No Evidence for Imminent Disaster
If the IPCC wants to conclude carbon dioxide does somewhat warm the atmosphere and temperatures are higher than 100 years ago, “that’s fine,” Michaels said. “But if the general conclusion is that global warming is an imminent disaster, that’s not fine.”

Michaels said IPCC citations often come from biased sources, which leads to “publication bias” in the agency’s final and released findings.

Politics Trumping Science
Todd Myers, environmental director for the Washington Policy Center, says politics corrupts the IPCC process and casts doubt on any science cited by the panel.

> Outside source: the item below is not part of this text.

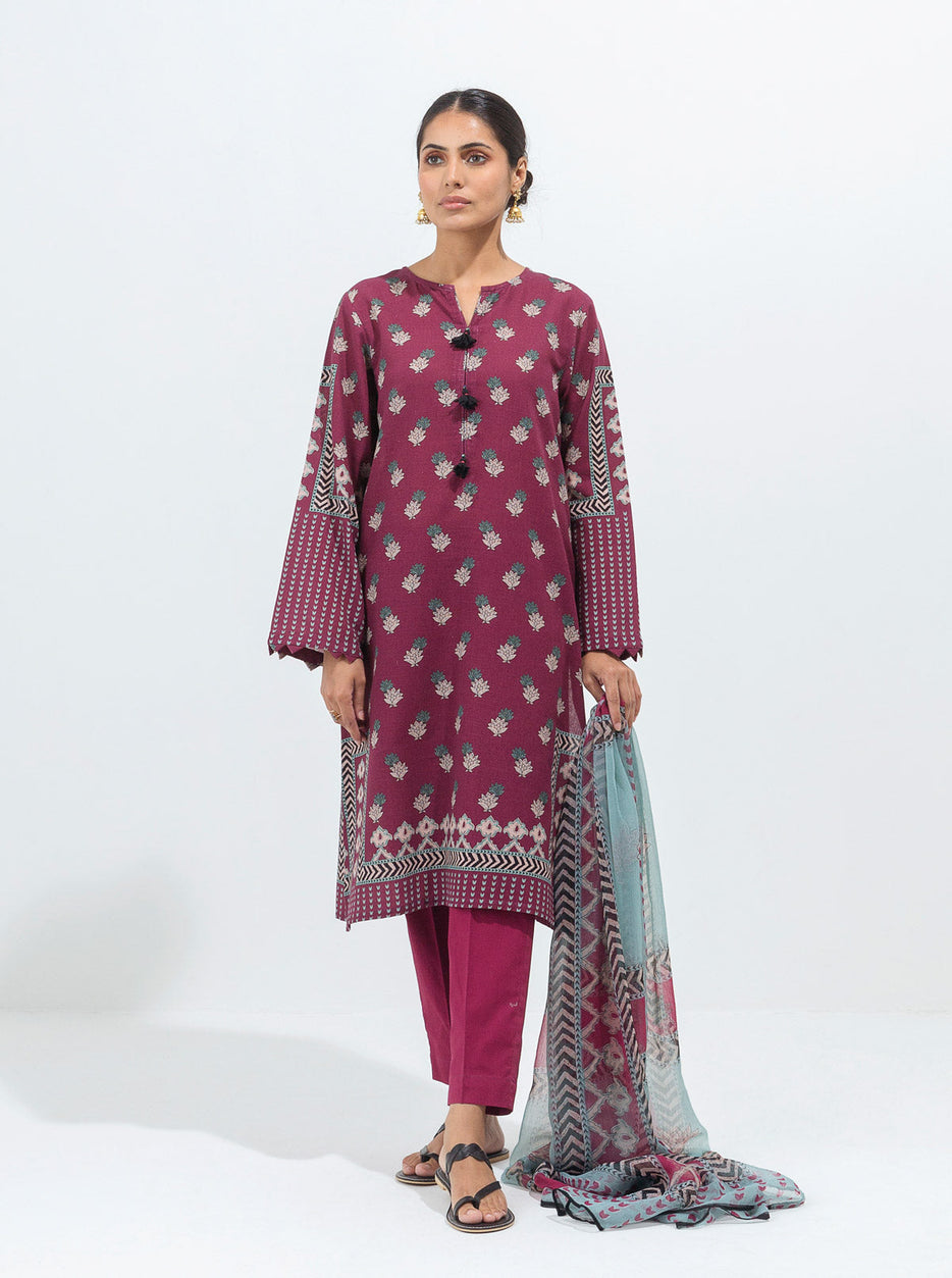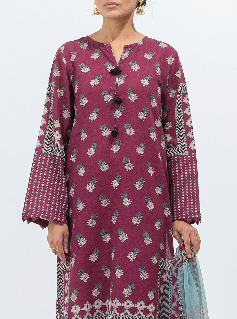 3 PIECE - PRINTED KHADDAR SUIT - FUCHSIA FLORA

“It is impossible to tell where politics stops and science begins with the IPCC,” Myers said. “The IPCC intentionally molded politics into the report, attempting to cloak the uncertainty and the fact that the science was not actually settled. With so little transparency about the separation of ideology and science, the IPCC’s reports are really useless beyond some very basic conclusions.”

The IPCC reports have created an atmosphere of confusion for those who make rules and regulations, he said.

“The problem for policymakers is that they are now trying to make decisions without a reliable scientific foundation and are simply substituting their own gut feeling and personal opinions for scientific rigor,” Myers said. “[I] really cannot overstate the bottom-line conclusion that the IPCC’s last report is unusable as a guide for policymakers.”

Cheryl K. Chumley ([email protected]) writes from Northern Virginia.